DATASET ENTRIES:
........

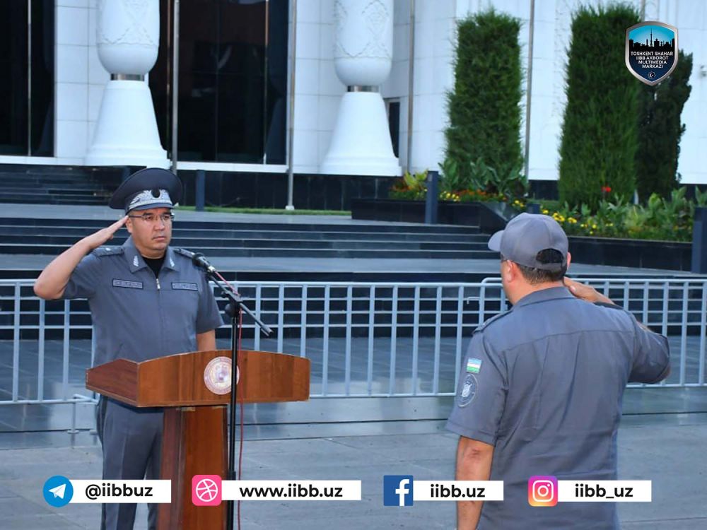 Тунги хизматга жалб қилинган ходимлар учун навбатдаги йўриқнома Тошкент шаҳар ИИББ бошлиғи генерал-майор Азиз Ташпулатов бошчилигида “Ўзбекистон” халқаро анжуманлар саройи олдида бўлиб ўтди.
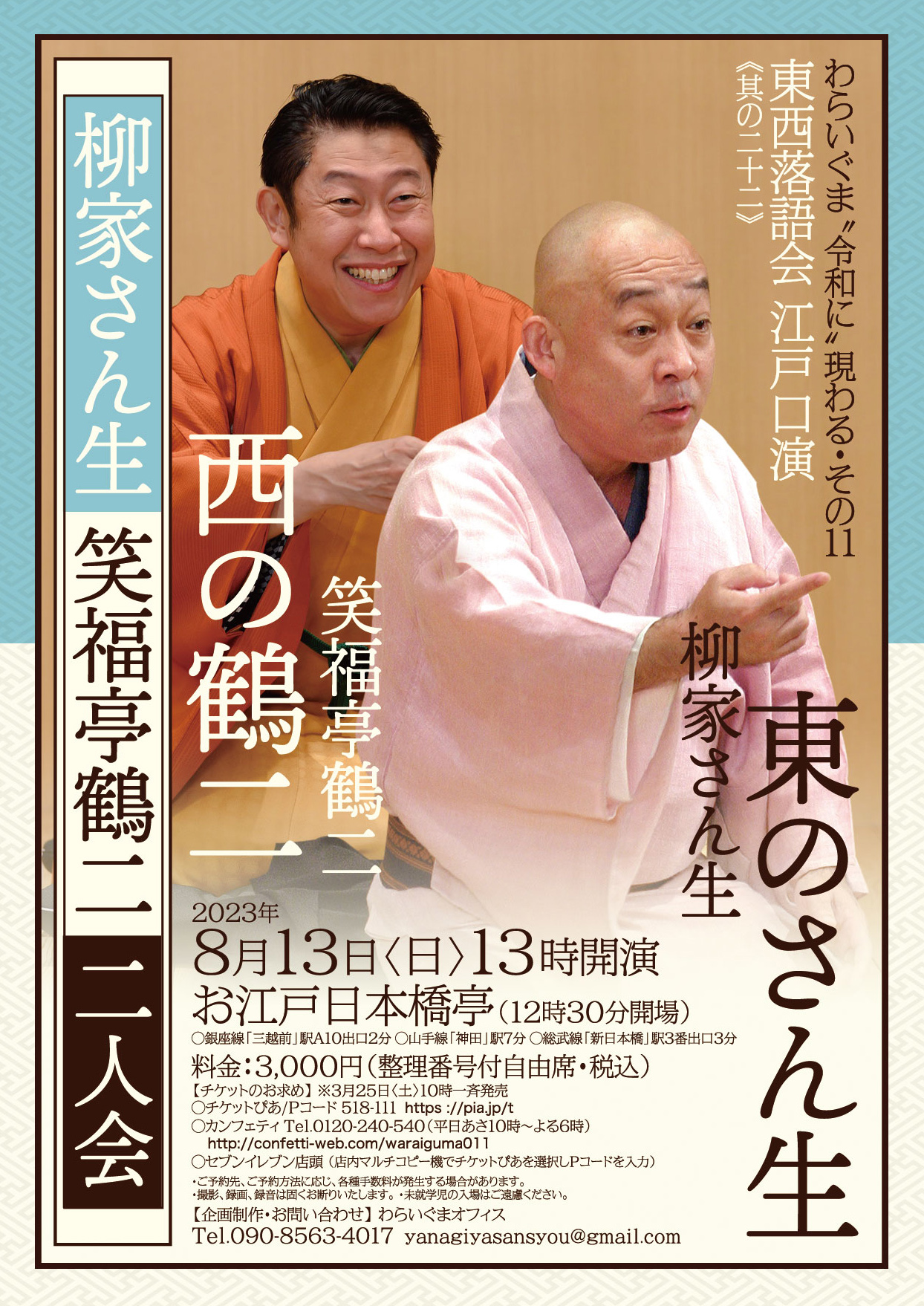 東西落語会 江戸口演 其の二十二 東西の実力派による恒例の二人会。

........

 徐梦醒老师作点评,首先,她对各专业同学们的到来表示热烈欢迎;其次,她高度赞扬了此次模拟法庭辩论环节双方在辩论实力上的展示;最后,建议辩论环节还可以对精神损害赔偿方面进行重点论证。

........

PROMPT: Using the data above, retype exactly the lines from the line with "Тунги хизматга жалб" to the line with "東西落語会 江戸口演 其の二十二 東西の実力派による恒例の二人会。", inclusive. No pictures and nothing else.

RESPONSE BOX:
 Тунги хизматга жалб қилинган ходимлар учун навбатдаги йўриқнома Тошкент шаҳар ИИББ бошлиғи генерал-майор Азиз Ташпулатов бошчилигида “Ўзбекистон” халқаро анжуманлар саройи олдида бўлиб ўтди.
 東西落語会 江戸口演 其の二十二 東西の実力派による恒例の二人会。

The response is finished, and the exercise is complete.